» **YOUR GOAL**: With images removed, transcribe each record exactly as it appears.

» **RECORDS TO PROCESS**:
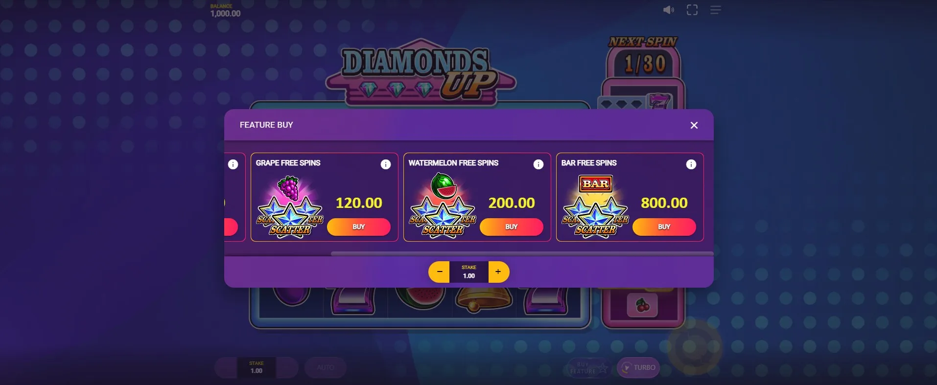 Rare for a Red Tiger slot, Diamonds Up offers a Feature Buy menu:Players can buy their way into free spins at five price points depending on how many ladder levels are filled:
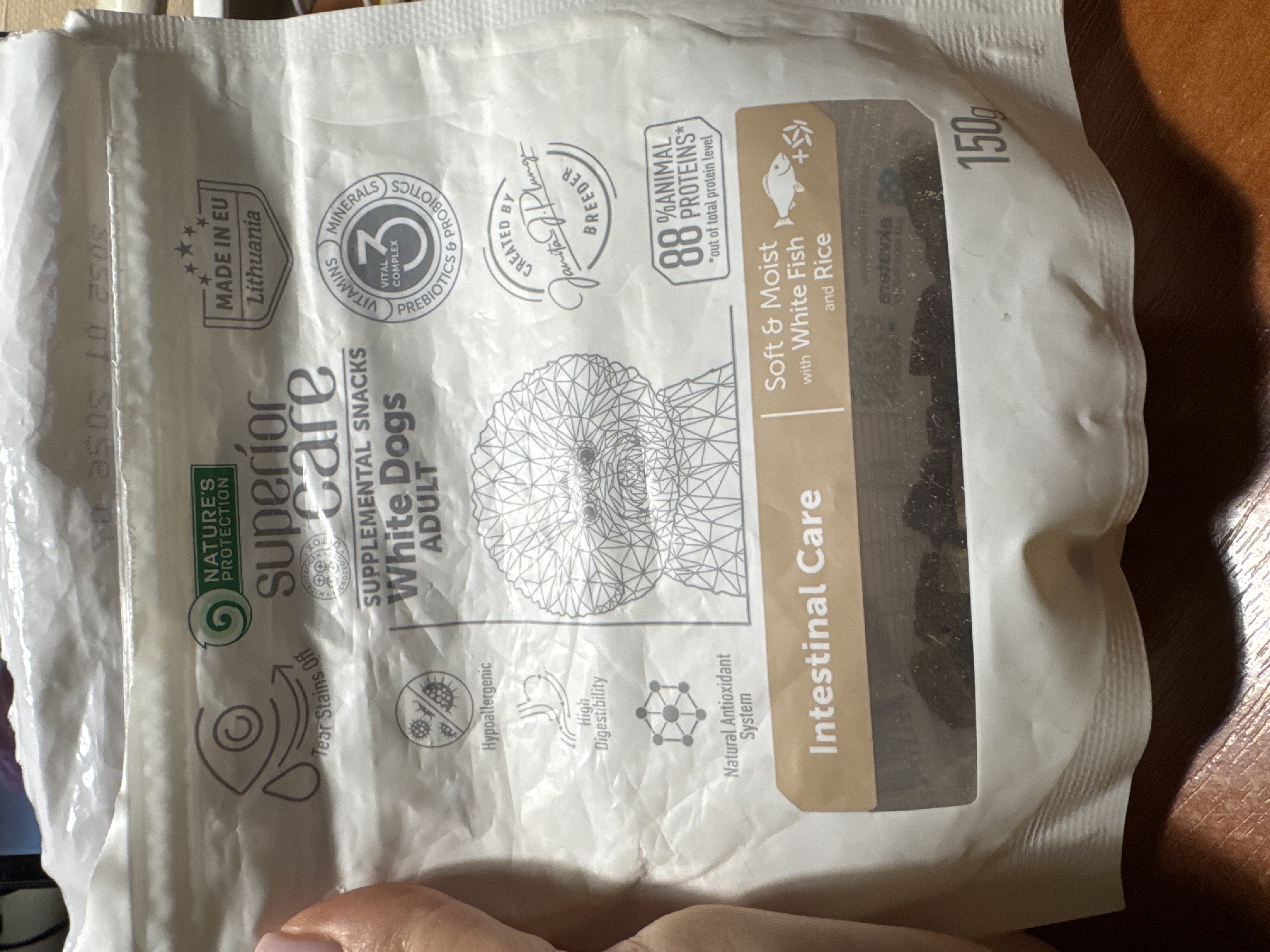 Ласощі сприяють підтримці загального самопочуття вихованця та поліпшенню роботи кишківника. Містять формулу Tear Stains off – ретельно підібраний комплекс амінокислот та повністю збалансовані інгредієнти у складі, які можуть допомогти у боротьбі з коричневими плямами від сліз навколо очей, рота, лап та інших частин тіла улюбленця. Джерелом білка є 1-й інгредієнт у складі.
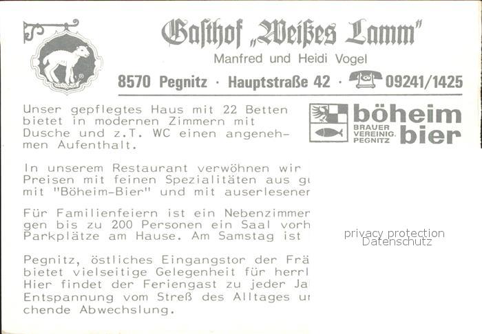 71831805 Pegnitz Gasthof Weisses Lamm postalisch nicht gelaufen Keine Postkarte (siehe scan) Erhaltung siehe scans KatCode: 11110009472175
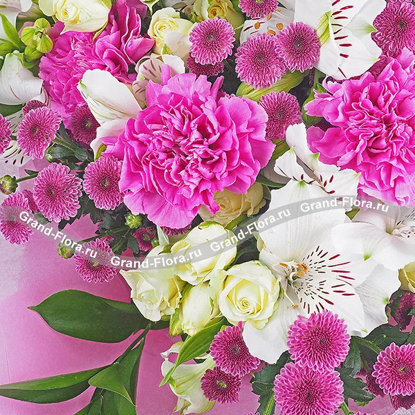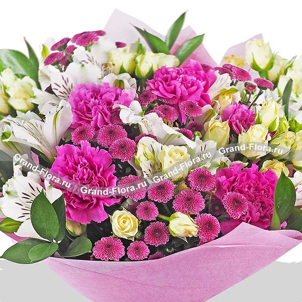 Вальс цветов - букет из кустовой розы, альстромерии и гвоздики
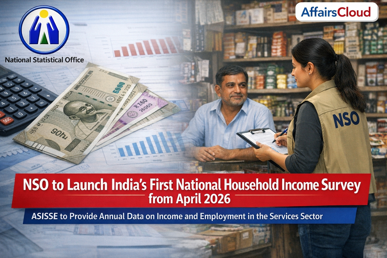 NSO to Launch India’s First-Ever NHIS & ASISSE from April 2026In January 2026, the National Statistical Office (NSO), under the Ministry of Statistics & Programme Implementation (MoSPI), announced plans to conduct India’s first-ever National Household Income Survey (NHIS) and Annual Survey of Incorporated Service Sector Enterprises (ASISSE), both scheduled to run for one year starting April 2026.
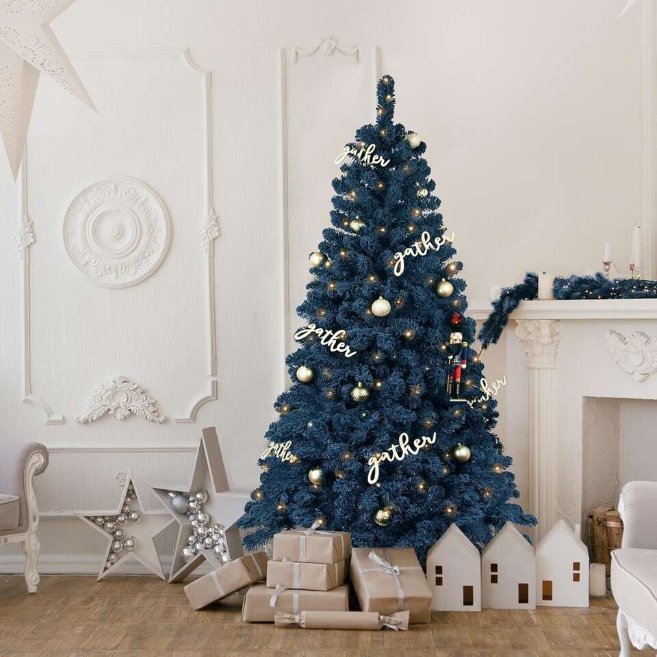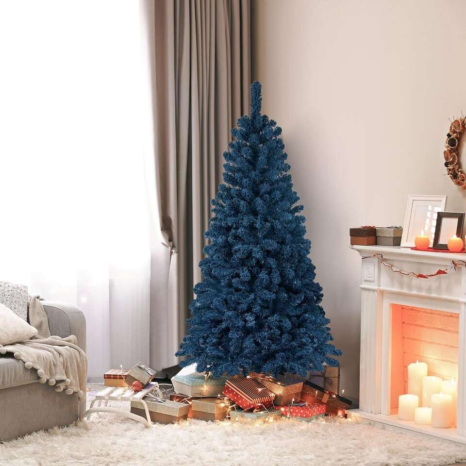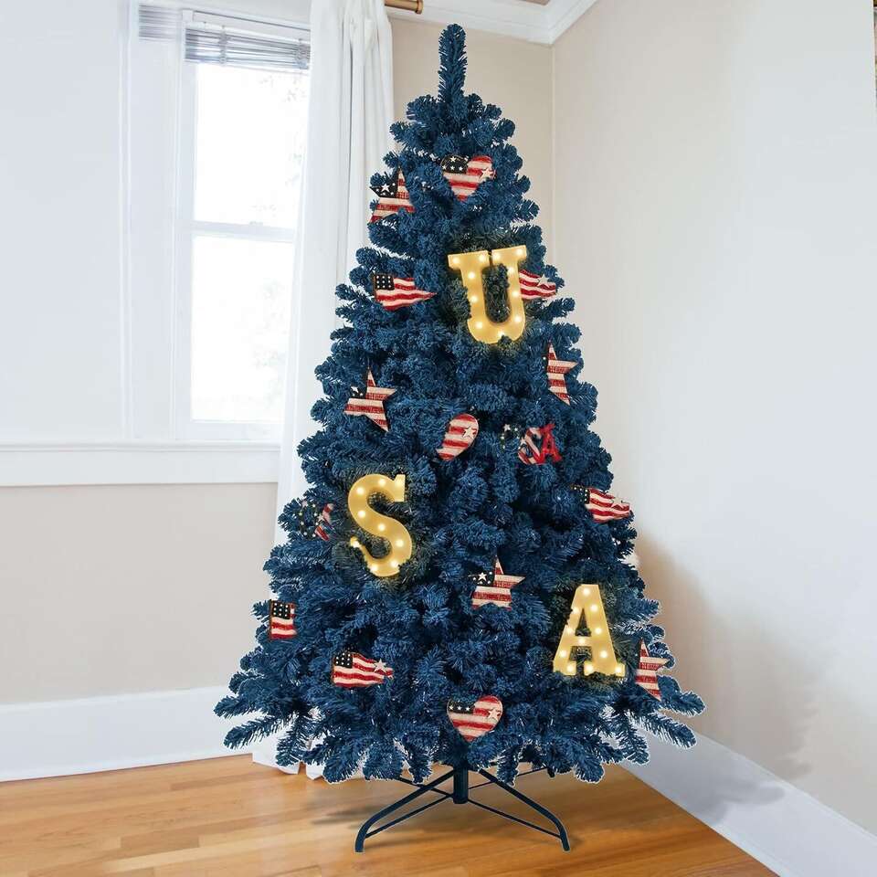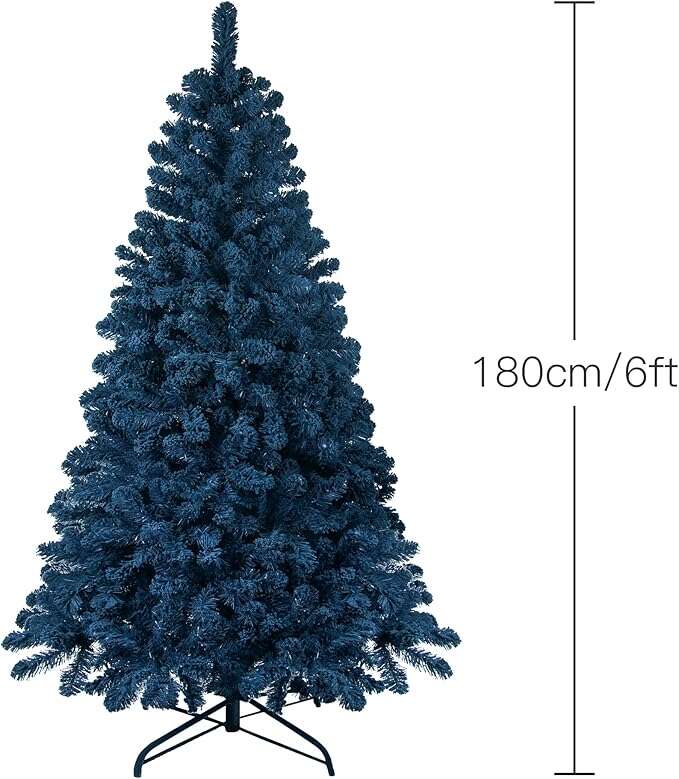 KI Store 6ft flocked blue Christmas tree is a eye catching and beautiful holiday centerpiece with or without tree ornaments. Blue Christmas tree with the flocking of Blue snowfall. The shade of blue is more like dark blue or navy blue. Add a festive flair to your holiday decor with this brightly colored Christmas tree. Hinged Christmas Fir Tree with metal tree stand. Convenient hinged branches for simple setup and fluff. A pair of groves for setup included. Versatile Home Decorations. Ideal as patriotic tree for Memorial Day, Independence Day, Veterans Day, and any other occasions. Full artificial blue Christmas tree measures 6ft tall and 40 inches in diameter. For indoor and dry outdoor use. #128 2-25-25 05.01
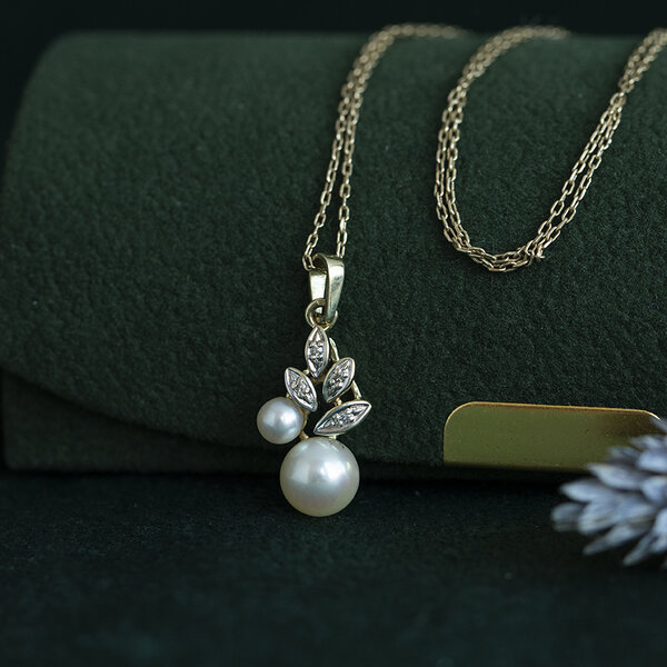 | Steensoort: | Parel 1x 7 mm en 1x 4 mm en Diamant 6x 0.01 ct. 8kant geslepen G/SI |

» **OUTPUT OF THE EXERCISE**:
 Rare for a Red Tiger slot, Diamonds Up offers a Feature Buy menu:Players can buy their way into free spins at five price points depending on how many ladder levels are filled:
 Ласощі сприяють підтримці загального самопочуття вихованця та поліпшенню роботи кишківника. Містять формулу Tear Stains off – ретельно підібраний комплекс амінокислот та повністю збалансовані інгредієнти у складі, які можуть допомогти у боротьбі з коричневими плямами від сліз навколо очей, рота, лап та інших частин тіла улюбленця. Джерелом білка є 1-й інгредієнт у складі.
 71831805 Pegnitz Gasthof Weisses Lamm postalisch nicht gelaufen Keine Postkarte (siehe scan) Erhaltung siehe scans KatCode: 11110009472175
 Вальс цветов - букет из кустовой розы, альстромерии и гвоздики
 NSO to Launch India’s First-Ever NHIS & ASISSE from April 2026In January 2026, the National Statistical Office (NSO), under the Ministry of Statistics & Programme Implementation (MoSPI), announced plans to conduct India’s first-ever National Household Income Survey (NHIS) and Annual Survey of Incorporated Service Sector Enterprises (ASISSE), both scheduled to run for one year starting April 2026.
 KI Store 6ft flocked blue Christmas tree is a eye catching and beautiful holiday centerpiece with or without tree ornaments. Blue Christmas tree with the flocking of Blue snowfall. The shade of blue is more like dark blue or navy blue. Add a festive flair to your holiday decor with this brightly colored Christmas tree. Hinged Christmas Fir Tree with metal tree stand. Convenient hinged branches for simple setup and fluff. A pair of groves for setup included. Versatile Home Decorations. Ideal as patriotic tree for Memorial Day, Independence Day, Veterans Day, and any other occasions. Full artificial blue Christmas tree measures 6ft tall and 40 inches in diameter. For indoor and dry outdoor use. #128 2-25-25 05.01
 | Steensoort: | Parel 1x 7 mm en 1x 4 mm en Diamant 6x 0.01 ct. 8kant geslepen G/SI |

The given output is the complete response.